#### WHAT IS REQUIRED:
In the records that follow, the lines from the one containing "香奈儿宇宙系列中,Matth" to the one containing "在抗氧化活性测试中,研究采用", inclusive, are to be given again exactly.
[Opening SUPPLIED MATERIAL section]
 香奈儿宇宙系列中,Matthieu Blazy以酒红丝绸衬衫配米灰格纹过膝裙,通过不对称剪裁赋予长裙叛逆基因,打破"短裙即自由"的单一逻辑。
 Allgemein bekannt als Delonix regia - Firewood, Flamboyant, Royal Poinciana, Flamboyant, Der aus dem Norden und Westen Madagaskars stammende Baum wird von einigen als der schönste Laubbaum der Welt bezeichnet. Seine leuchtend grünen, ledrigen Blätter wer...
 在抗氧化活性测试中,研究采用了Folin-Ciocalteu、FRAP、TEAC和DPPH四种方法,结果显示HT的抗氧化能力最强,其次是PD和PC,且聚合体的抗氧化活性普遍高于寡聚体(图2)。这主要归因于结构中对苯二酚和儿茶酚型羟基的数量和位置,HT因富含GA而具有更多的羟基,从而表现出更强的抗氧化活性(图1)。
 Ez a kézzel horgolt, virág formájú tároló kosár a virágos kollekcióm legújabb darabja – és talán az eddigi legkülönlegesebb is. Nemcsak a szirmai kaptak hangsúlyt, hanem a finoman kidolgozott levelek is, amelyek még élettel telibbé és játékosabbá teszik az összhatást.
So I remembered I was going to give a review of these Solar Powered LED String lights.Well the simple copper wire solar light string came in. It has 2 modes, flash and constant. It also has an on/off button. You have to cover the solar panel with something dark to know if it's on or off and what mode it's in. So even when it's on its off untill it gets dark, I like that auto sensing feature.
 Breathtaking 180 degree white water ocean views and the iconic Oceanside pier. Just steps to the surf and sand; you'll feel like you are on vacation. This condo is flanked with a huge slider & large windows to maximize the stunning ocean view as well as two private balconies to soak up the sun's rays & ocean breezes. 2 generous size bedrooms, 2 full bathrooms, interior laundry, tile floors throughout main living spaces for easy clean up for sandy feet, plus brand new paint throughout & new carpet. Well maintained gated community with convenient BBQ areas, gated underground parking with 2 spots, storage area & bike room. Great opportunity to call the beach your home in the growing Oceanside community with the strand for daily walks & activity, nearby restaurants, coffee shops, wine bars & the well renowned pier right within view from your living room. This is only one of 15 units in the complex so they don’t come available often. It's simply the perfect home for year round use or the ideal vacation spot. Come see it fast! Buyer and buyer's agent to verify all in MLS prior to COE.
[Closing SUPPLIED MATERIAL section]
[Opening SUPPLIED MATERIAL section]
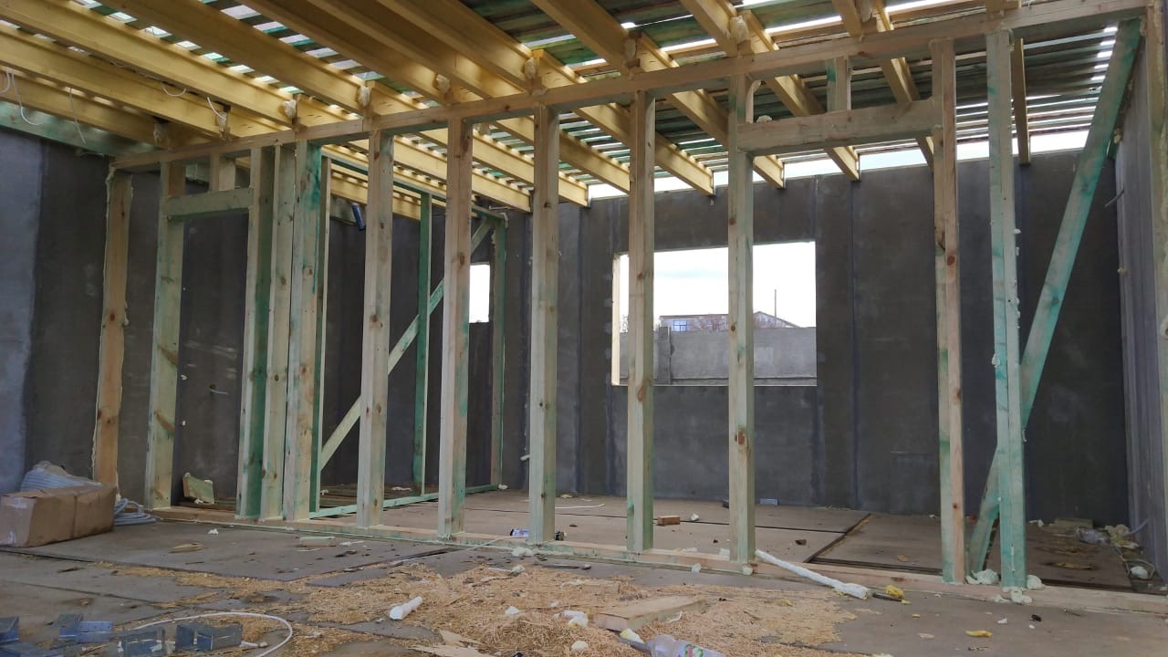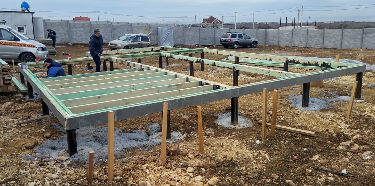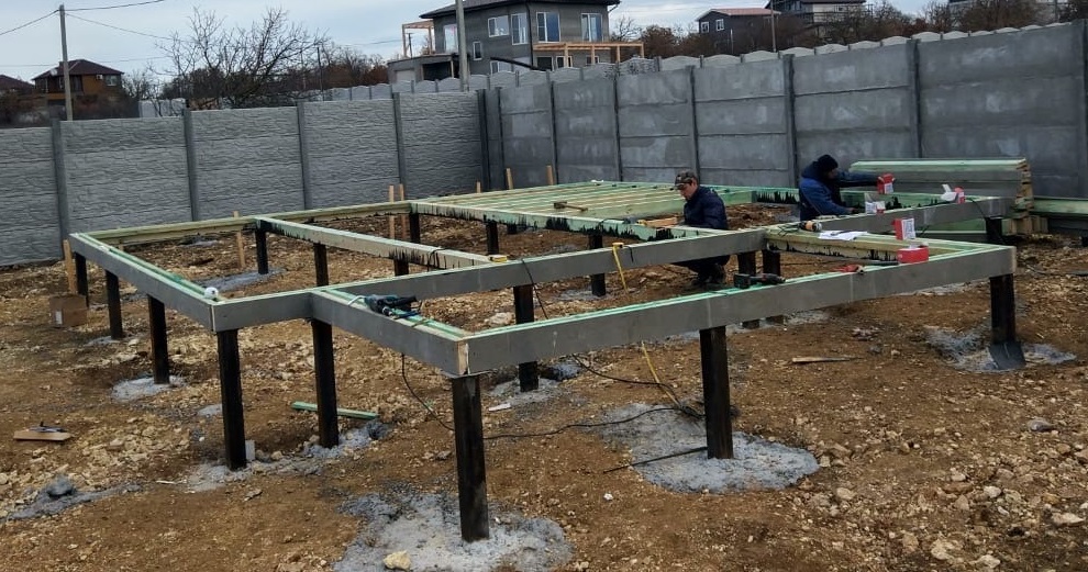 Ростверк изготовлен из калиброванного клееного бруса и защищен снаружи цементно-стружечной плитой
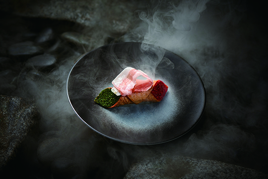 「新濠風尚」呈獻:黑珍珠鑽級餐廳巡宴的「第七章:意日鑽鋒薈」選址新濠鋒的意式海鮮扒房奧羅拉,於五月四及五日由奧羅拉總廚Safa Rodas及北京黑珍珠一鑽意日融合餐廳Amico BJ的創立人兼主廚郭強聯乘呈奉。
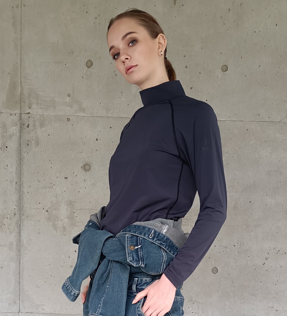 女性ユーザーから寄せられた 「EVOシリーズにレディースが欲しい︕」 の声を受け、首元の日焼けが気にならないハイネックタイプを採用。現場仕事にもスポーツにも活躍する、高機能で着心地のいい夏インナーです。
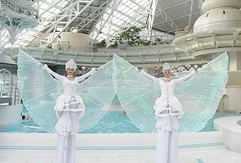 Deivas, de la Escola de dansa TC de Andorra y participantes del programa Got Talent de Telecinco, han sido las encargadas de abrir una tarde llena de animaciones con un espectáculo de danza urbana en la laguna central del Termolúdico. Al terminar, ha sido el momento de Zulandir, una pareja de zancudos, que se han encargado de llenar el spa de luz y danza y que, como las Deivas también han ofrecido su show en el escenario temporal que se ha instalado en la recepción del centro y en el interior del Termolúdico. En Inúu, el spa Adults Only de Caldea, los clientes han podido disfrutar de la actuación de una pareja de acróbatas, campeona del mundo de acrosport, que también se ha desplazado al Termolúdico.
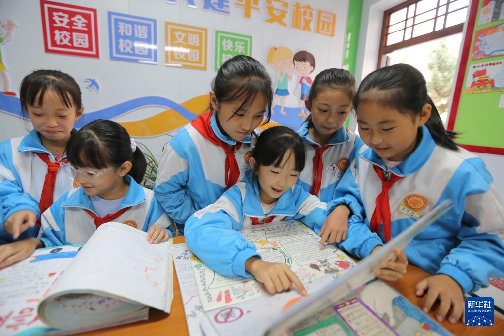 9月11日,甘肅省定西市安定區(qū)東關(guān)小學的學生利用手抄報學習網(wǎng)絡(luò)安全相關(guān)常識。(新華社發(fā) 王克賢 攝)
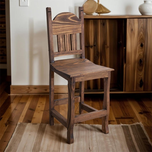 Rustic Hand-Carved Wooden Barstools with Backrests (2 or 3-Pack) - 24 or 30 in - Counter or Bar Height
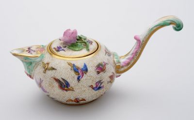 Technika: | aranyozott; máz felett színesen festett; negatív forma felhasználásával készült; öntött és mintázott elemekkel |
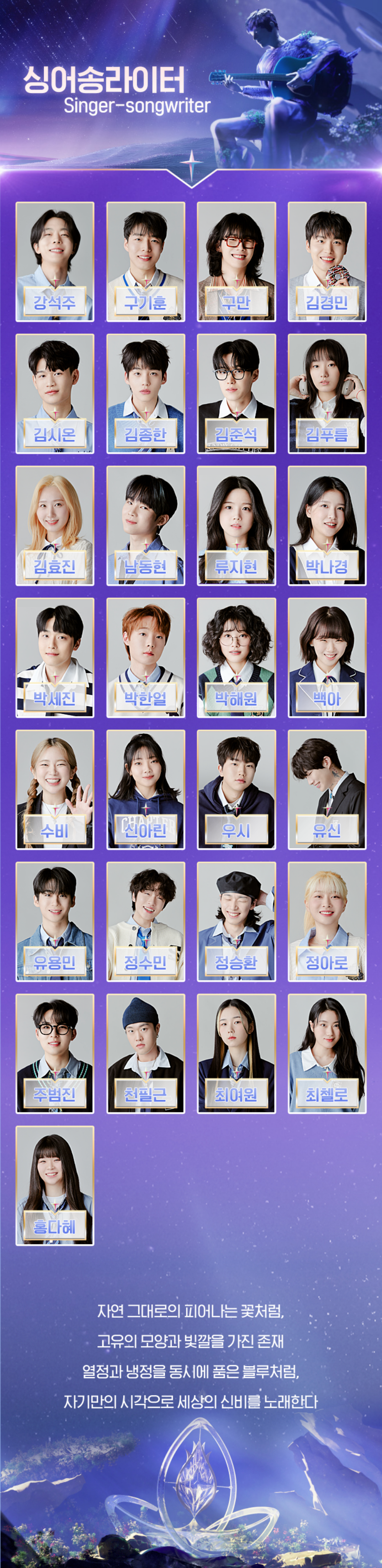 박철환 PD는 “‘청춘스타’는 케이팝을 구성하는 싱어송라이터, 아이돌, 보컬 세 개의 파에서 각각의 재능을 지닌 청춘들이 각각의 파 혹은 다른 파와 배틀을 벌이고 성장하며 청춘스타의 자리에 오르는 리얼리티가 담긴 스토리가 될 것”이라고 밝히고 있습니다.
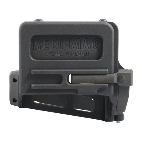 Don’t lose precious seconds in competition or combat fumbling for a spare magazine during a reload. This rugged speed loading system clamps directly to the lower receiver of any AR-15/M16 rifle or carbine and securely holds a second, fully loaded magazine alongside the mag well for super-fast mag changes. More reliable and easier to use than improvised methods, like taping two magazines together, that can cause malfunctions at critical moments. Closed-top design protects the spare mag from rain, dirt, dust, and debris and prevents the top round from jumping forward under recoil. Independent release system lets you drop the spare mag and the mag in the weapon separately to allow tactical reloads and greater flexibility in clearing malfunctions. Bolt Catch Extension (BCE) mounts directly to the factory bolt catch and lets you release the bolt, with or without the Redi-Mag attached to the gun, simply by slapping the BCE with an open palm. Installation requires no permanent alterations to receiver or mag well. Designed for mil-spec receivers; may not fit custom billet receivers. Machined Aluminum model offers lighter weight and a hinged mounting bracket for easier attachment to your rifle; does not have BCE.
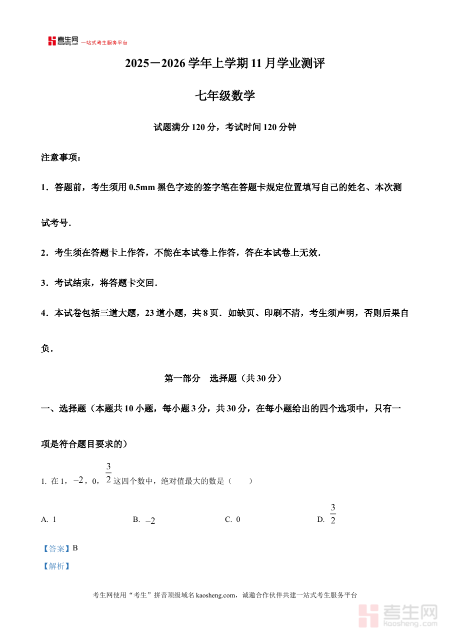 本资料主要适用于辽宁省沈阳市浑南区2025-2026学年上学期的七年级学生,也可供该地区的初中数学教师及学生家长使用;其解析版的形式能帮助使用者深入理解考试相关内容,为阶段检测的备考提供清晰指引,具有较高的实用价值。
[Closing SUPPLIED MATERIAL section]
#### EXERCISE RESULT:
 香奈儿宇宙系列中,Matthieu Blazy以酒红丝绸衬衫配米灰格纹过膝裙,通过不对称剪裁赋予长裙叛逆基因,打破"短裙即自由"的单一逻辑。
 Allgemein bekannt als Delonix regia - Firewood, Flamboyant, Royal Poinciana, Flamboyant, Der aus dem Norden und Westen Madagaskars stammende Baum wird von einigen als der schönste Laubbaum der Welt bezeichnet. Seine leuchtend grünen, ledrigen Blätter wer...
 在抗氧化活性测试中,研究采用了Folin-Ciocalteu、FRAP、TEAC和DPPH四种方法,结果显示HT的抗氧化能力最强,其次是PD和PC,且聚合体的抗氧化活性普遍高于寡聚体(图2)。这主要归因于结构中对苯二酚和儿茶酚型羟基的数量和位置,HT因富含GA而具有更多的羟基,从而表现出更强的抗氧化活性(图1)。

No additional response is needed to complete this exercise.